**Task statement:** Reproduce, exactly and in full, the records that follow, minus any pictures.

┌─ Provided information

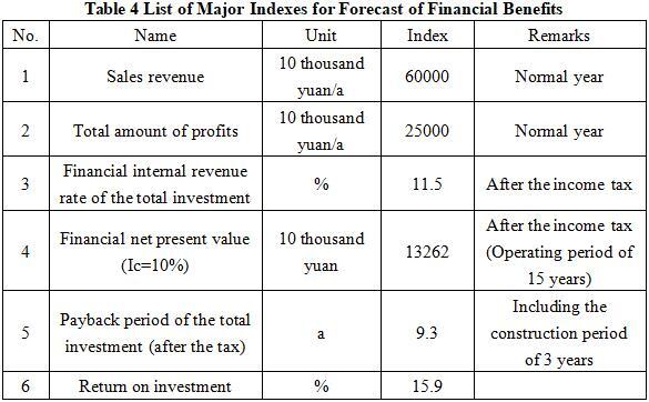 After the project reaches the production capacity, its annual revenue income will be 600 million yuan, its profit will be 250 million yuan, its investment payback period will be 9.3 years (after the tax, including the construction period of 3 years) and its return on investment will be 15.9%.
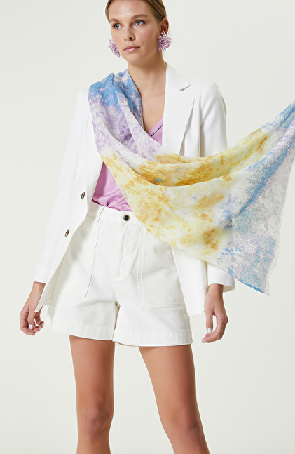 Lacivert Sarı Kadın Keten Şal
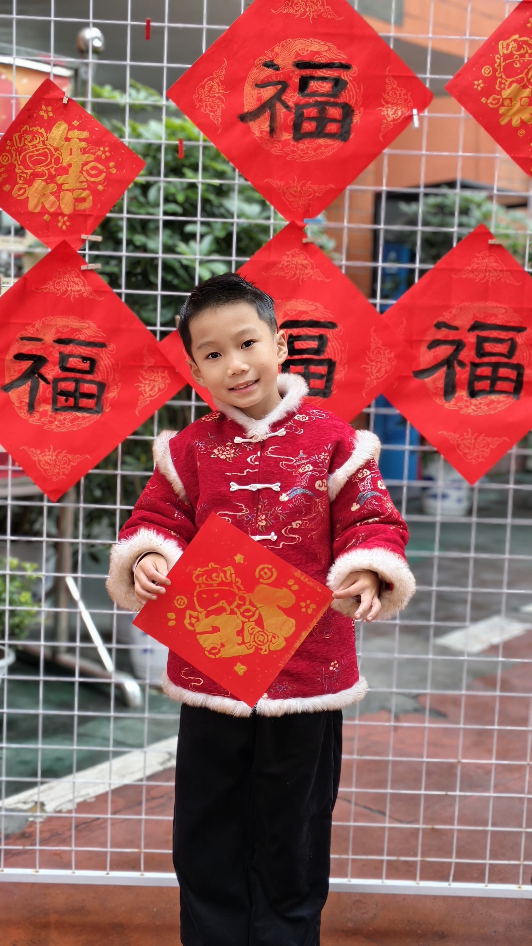 三年级的“百福墙”则是一片红色的海洋。同学们围绕“福”字展开创作,通过多种字体书写出形态各异的“福”字,汇聚成寓意吉祥的“百福墙”。
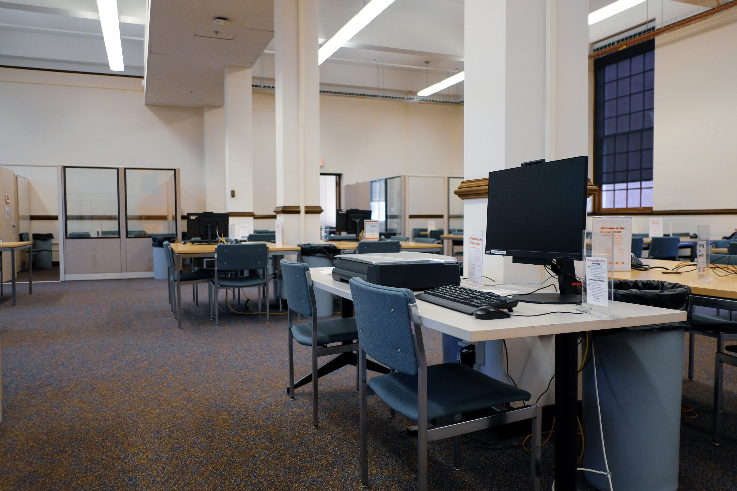 Lots of natural light, high ceilings with overhead florescent lights. No completely enclosed spaces that can be made dark so probably not the best for anyone with light sensitivity.
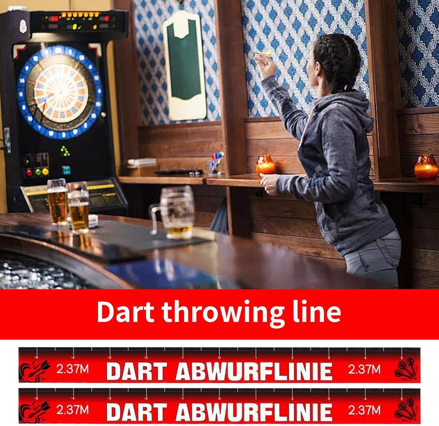 Supporto costante delle prestazioni: facilita il corretto posizionamento e allineamento del piede per una migliore precisione e tiri costanti, definendo una linea di lancio chiara che supporta accordi di competizione equi Must-Have: misura 56 x 5 cm, questa linea di tiro per freccette garantisce un posizionamento accurato ed è ideale per sostituzioni, con due linee incluse per comodità e un set completo per migliorare l'esperienza di gioco delle freccette Installazione semplice: assicura un fissaggio senza soluzione di continuità alla maggior parte delle opzioni di pavimentazione, con funzionalità di installazione e rimozione rapide, rendendolo ideale per i giocatori di freccette di tutti i livelli che cercano soluzioni di installazione efficienti Impermeabile e resistente allo sbiadimento: realizzato in carta patinata con adesivo, questa linea di tiro per freccette resiste alla desquamazione, allo sbiadimento e ai danni causati dall'umidità per un uso duraturo in vari ambienti Applicazione completa: un must per gli appassionati di giochi, funziona bene in casa, bar o feste, offrendo una configurazione professionale di freccette che garantisce divertimento e versatilità ovunque utilizzato
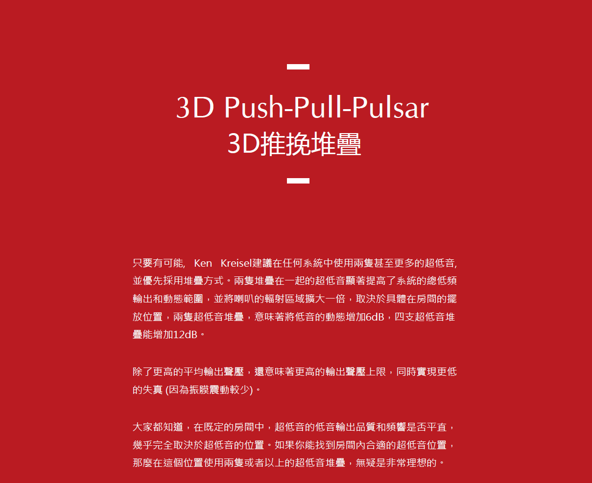 3D Push-Pull-Pulsar專利推挽及超低音堆疊技術|二支12吋低音單體|二台500瓦D類後級|頂級劇院及Hi-Fi專用
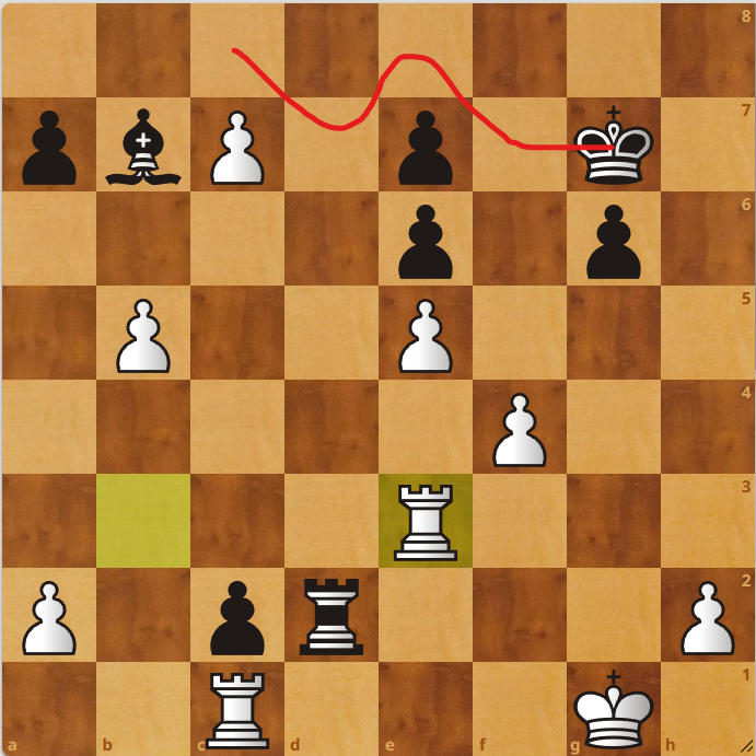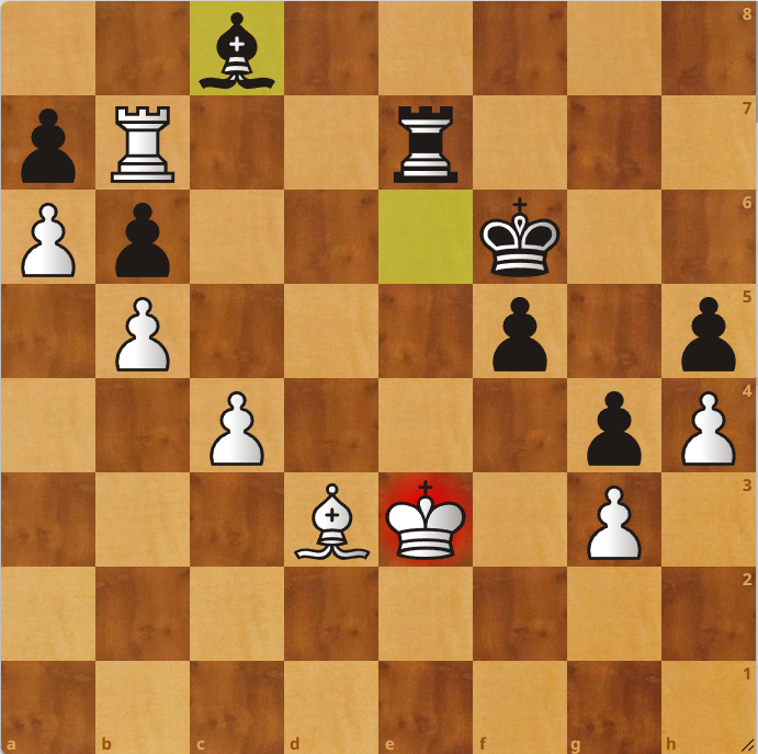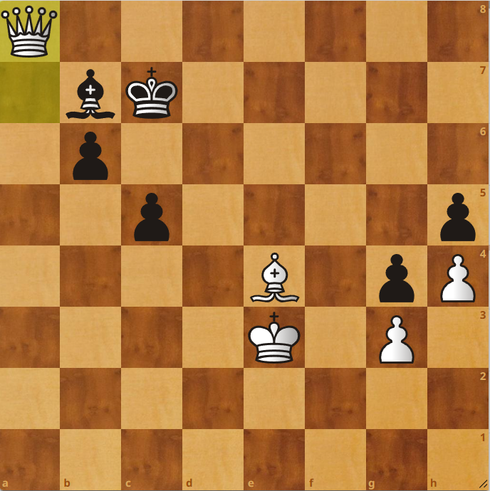Černý může dát střelcem šach, potom sebrat věž na b2 s dalším plánem postavit si dámu. Stihl by bílý bez věže za pomoci pěšáků doběhnout na poslední řadu? Zajímavá podívaná, která se naštěstí nestala.
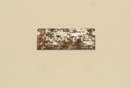 A red metal cigarette tin, marked 'Sarony Cigarettes, Silk Cut Virginia, Nicolas Sarony & Co. New Bond St. London'. A razor inside, with two spare blades and a metal rod/sharpener.
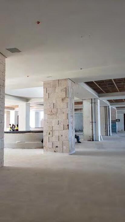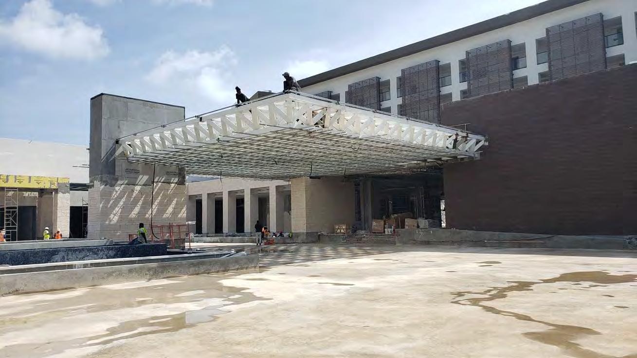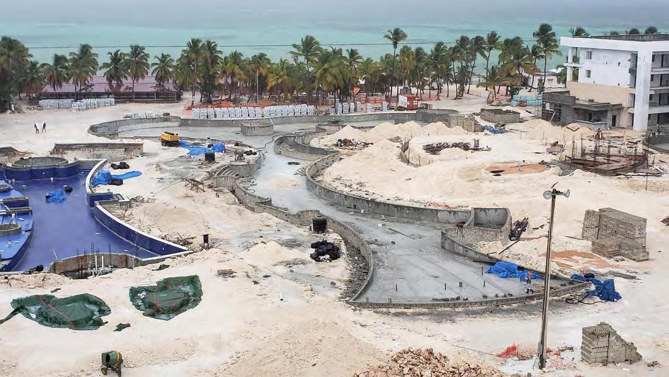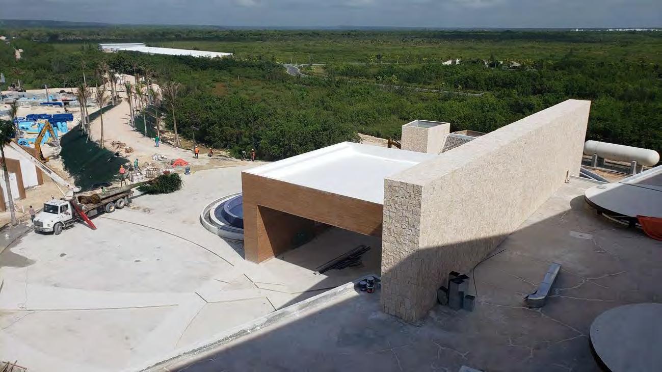 El Parque Acuático, al igual que el edificios del Kids and Teens club, forman parte del programa operativo del Hyatt Ziva. Al ser un hotel para toda la familia, la operación de cide colocar este espacio en conjunto y que a su vez, fuese ocupado por personal ajeno a la propiedad, ósea, para todo publico. A diferencia d los otros edificios, estas estruc turas son sencillas, excavaciones puntuales para realizar zapatas aisladas y levantar co lumnas, no se realizaron pilotes ni perforacio nes especiales. El estudio de suelos para la ubicación del Parque Acuático fue favorable, ya que el subsuelo de esta zona está confor mado por piedra caliza o caliche y muy poca arena. Para el edificio del teen and Kids Club, el diseño arquitectónico se baso en un abani co, dividido por muros estructurales que a su vez permitieron la partición de los espacios en el interior. Este criterio arquitectónico si gue la misma forma que la taquilla y baños del parque acuático, creando un ritmo en una zona abierta y sin edificios altos. Estos espa cios cuentan con sus áreas de servicio para operaciones y cuarto de maquinas. Al igual que el SPA, se entregaron formalmente en Enero 2020.
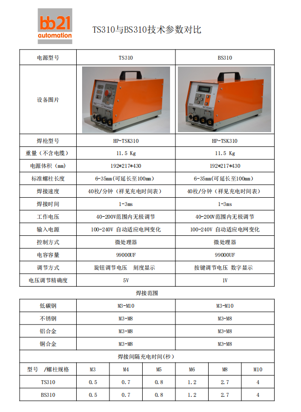 TS310與BS310技術(shù)參數(shù)對(duì)比
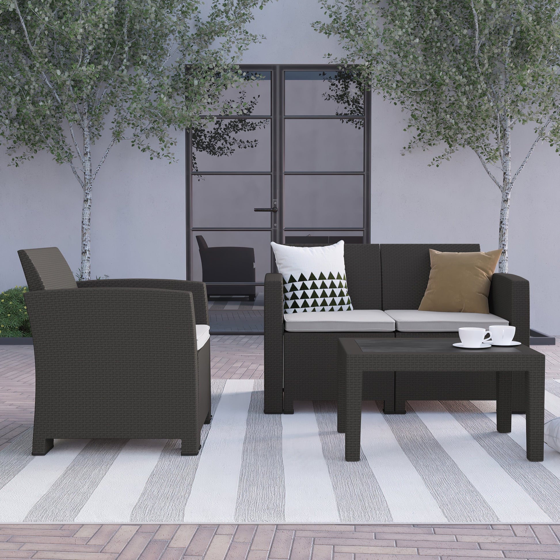 Seneca 4 Piece Outdoor Faux Rattan Chair, Loveseat and Table Set in Seneca Dark Gray Dimensions: 26.75" - 47"W x 27"D x 30"H
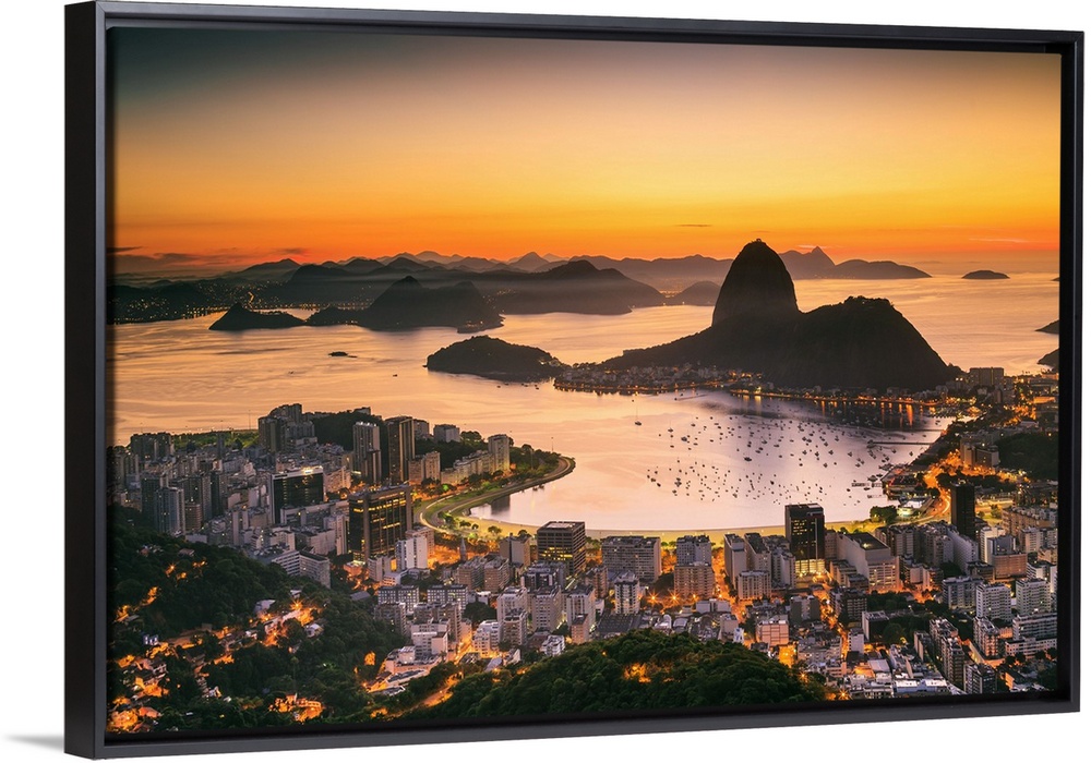 <p>Brazil, Rio de Janeiro, Sugarloaf Mountain, Baia de Guanabara, Flamengo, Botafogo and Sugarloaf Mountain at sunrise</p>
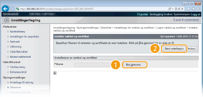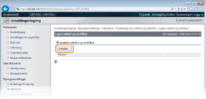 Klikk [Innstillinger for nøkkel og sertifikat] for å installere et nøkkelpar eller [CA-sertifikatinnstillinger] for et CA-sertifikat.
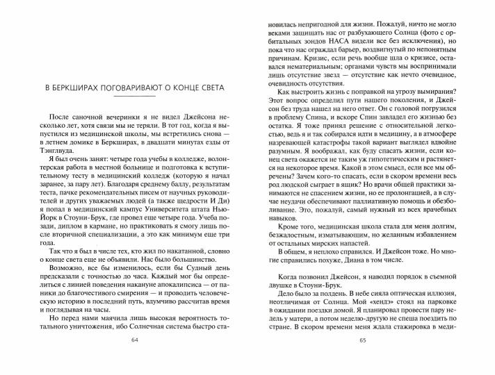 Однажды вечером трое молодых людей вышли на лужайку Казенного дома, чтобы полюбоваться звездами. И увидели, как звезд не стало.Прошли годы. Звезды так и не вернулись на небосвод, один из юношей выучился на врача, девушка ушла в религию, а второй юноша стал богом.«Спин» — это роман о предсмертном рывке человечества в космос, о несовершенстве демиурга, о поисках спасательного круга в бушующем океане глобальной катастрофы. Но в первую очередь это роман о любви.Это текст, созданный рассказчиком в медикаментозном бреду. Это коварная, обманчиво прозрачная, но тесная паутина слов. Это твердая научная фантастика, где рожденный автором мир не вызывает ни малейших вопросов. Это сказание о том, как люди проживают год за годом, ежедневно глядя в глаза неизбежной смерти. Это роман-поэма и роман-какофония, где биг-бэнд Дюка Эллингтона громыхает «Гарлемским воздуховодом», Майлз Дэвис пронзительно выводит «Семь шагов на небеса», а Аструд Жилберту с хрипотцой поет «Лицо, которое люблю».И любовь разорвет нас в клочья. Снова.
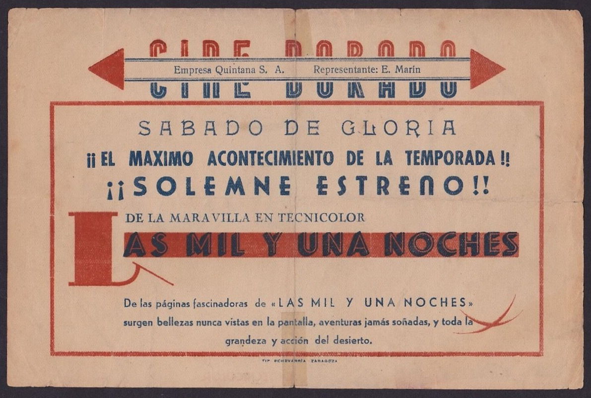 A Thousand and One Nights Movie Herald Leave a Comment / Pressbooks (Horror, Sci Fi, Fantasy) / By JM Cozzoli Here's another beautifully rendered movie herald I spotted on eBay. This one is for the Spanish version of A Thousand and One Nights (1945). Like this:Like Loading... Share this post Facebook Twitter Pinterest Linkedin
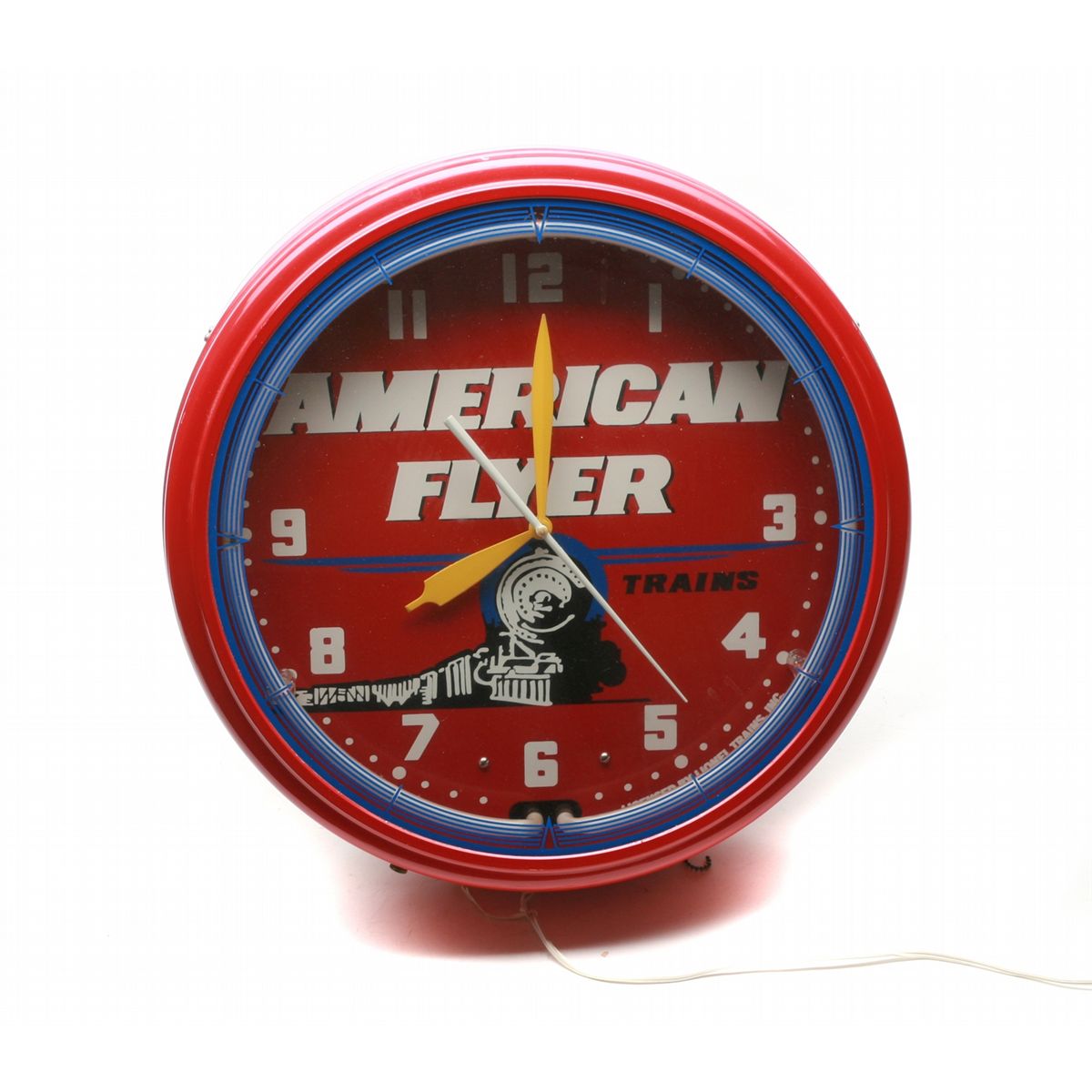 Like new condition American Flyer Trains wall clock by Image Time & Licensed by Lionel Trains Inc - 20" diameter red metal frame with glass front panel - Neon lighted edge - power cord intact - ready to hang - non-ffl - 25VVFKIL103

└─

**Exercise answer:**
 After the project reaches the production capacity, its annual revenue income will be 600 million yuan, its profit will be 250 million yuan, its investment payback period will be 9.3 years (after the tax, including the construction period of 3 years) and its return on investment will be 15.9%.
 Lacivert Sarı Kadın Keten Şal
 三年级的“百福墙”则是一片红色的海洋。同学们围绕“福”字展开创作,通过多种字体书写出形态各异的“福”字,汇聚成寓意吉祥的“百福墙”。
 Lots of natural light, high ceilings with overhead florescent lights. No completely enclosed spaces that can be made dark so probably not the best for anyone with light sensitivity.
 Supporto costante delle prestazioni: facilita il corretto posizionamento e allineamento del piede per una migliore precisione e tiri costanti, definendo una linea di lancio chiara che supporta accordi di competizione equi Must-Have: misura 56 x 5 cm, questa linea di tiro per freccette garantisce un posizionamento accurato ed è ideale per sostituzioni, con due linee incluse per comodità e un set completo per migliorare l'esperienza di gioco delle freccette Installazione semplice: assicura un fissaggio senza soluzione di continuità alla maggior parte delle opzioni di pavimentazione, con funzionalità di installazione e rimozione rapide, rendendolo ideale per i giocatori di freccette di tutti i livelli che cercano soluzioni di installazione efficienti Impermeabile e resistente allo sbiadimento: realizzato in carta patinata con adesivo, questa linea di tiro per freccette resiste alla desquamazione, allo sbiadimento e ai danni causati dall'umidità per un uso duraturo in vari ambienti Applicazione completa: un must per gli appassionati di giochi, funziona bene in casa, bar o feste, offrendo una configurazione professionale di freccette che garantisce divertimento e versatilità ovunque utilizzato
 3D Push-Pull-Pulsar專利推挽及超低音堆疊技術|二支12吋低音單體|二台500瓦D類後級|頂級劇院及Hi-Fi專用
Černý může dát střelcem šach, potom sebrat věž na b2 s dalším plánem postavit si dámu. Stihl by bílý bez věže za pomoci pěšáků doběhnout na poslední řadu? Zajímavá podívaná, která se naštěstí nestala.
 A red metal cigarette tin, marked 'Sarony Cigarettes, Silk Cut Virginia, Nicolas Sarony & Co. New Bond St. London'. A razor inside, with two spare blades and a metal rod/sharpener.
 El Parque Acuático, al igual que el edificios del Kids and Teens club, forman parte del programa operativo del Hyatt Ziva. Al ser un hotel para toda la familia, la operación de cide colocar este espacio en conjunto y que a su vez, fuese ocupado por personal ajeno a la propiedad, ósea, para todo publico. A diferencia d los otros edificios, estas estruc turas son sencillas, excavaciones puntuales para realizar zapatas aisladas y levantar co lumnas, no se realizaron pilotes ni perforacio nes especiales. El estudio de suelos para la ubicación del Parque Acuático fue favorable, ya que el subsuelo de esta zona está confor mado por piedra caliza o caliche y muy poca arena. Para el edificio del teen and Kids Club, el diseño arquitectónico se baso en un abani co, dividido por muros estructurales que a su vez permitieron la partición de los espacios en el interior. Este criterio arquitectónico si gue la misma forma que la taquilla y baños del parque acuático, creando un ritmo en una zona abierta y sin edificios altos. Estos espa cios cuentan con sus áreas de servicio para operaciones y cuarto de maquinas. Al igual que el SPA, se entregaron formalmente en Enero 2020.
 TS310與BS310技術(shù)參數(shù)對(duì)比
 Seneca 4 Piece Outdoor Faux Rattan Chair, Loveseat and Table Set in Seneca Dark Gray Dimensions: 26.75" - 47"W x 27"D x 30"H
 <p>Brazil, Rio de Janeiro, Sugarloaf Mountain, Baia de Guanabara, Flamengo, Botafogo and Sugarloaf Mountain at sunrise</p>
 Klikk [Innstillinger for nøkkel og sertifikat] for å installere et nøkkelpar eller [CA-sertifikatinnstillinger] for et CA-sertifikat.
 Однажды вечером трое молодых людей вышли на лужайку Казенного дома, чтобы полюбоваться звездами. И увидели, как звезд не стало.Прошли годы. Звезды так и не вернулись на небосвод, один из юношей выучился на врача, девушка ушла в религию, а второй юноша стал богом.«Спин» — это роман о предсмертном рывке человечества в космос, о несовершенстве демиурга, о поисках спасательного круга в бушующем океане глобальной катастрофы. Но в первую очередь это роман о любви.Это текст, созданный рассказчиком в медикаментозном бреду. Это коварная, обманчиво прозрачная, но тесная паутина слов. Это твердая научная фантастика, где рожденный автором мир не вызывает ни малейших вопросов. Это сказание о том, как люди проживают год за годом, ежедневно глядя в глаза неизбежной смерти. Это роман-поэма и роман-какофония, где биг-бэнд Дюка Эллингтона громыхает «Гарлемским воздуховодом», Майлз Дэвис пронзительно выводит «Семь шагов на небеса», а Аструд Жилберту с хрипотцой поет «Лицо, которое люблю».И любовь разорвет нас в клочья. Снова.
 A Thousand and One Nights Movie Herald Leave a Comment / Pressbooks (Horror, Sci Fi, Fantasy) / By JM Cozzoli Here's another beautifully rendered movie herald I spotted on eBay. This one is for the Spanish version of A Thousand and One Nights (1945). Like this:Like Loading... Share this post Facebook Twitter Pinterest Linkedin
 Like new condition American Flyer Trains wall clock by Image Time & Licensed by Lionel Trains Inc - 20" diameter red metal frame with glass front panel - Neon lighted edge - power cord intact - ready to hang - non-ffl - 25VVFKIL103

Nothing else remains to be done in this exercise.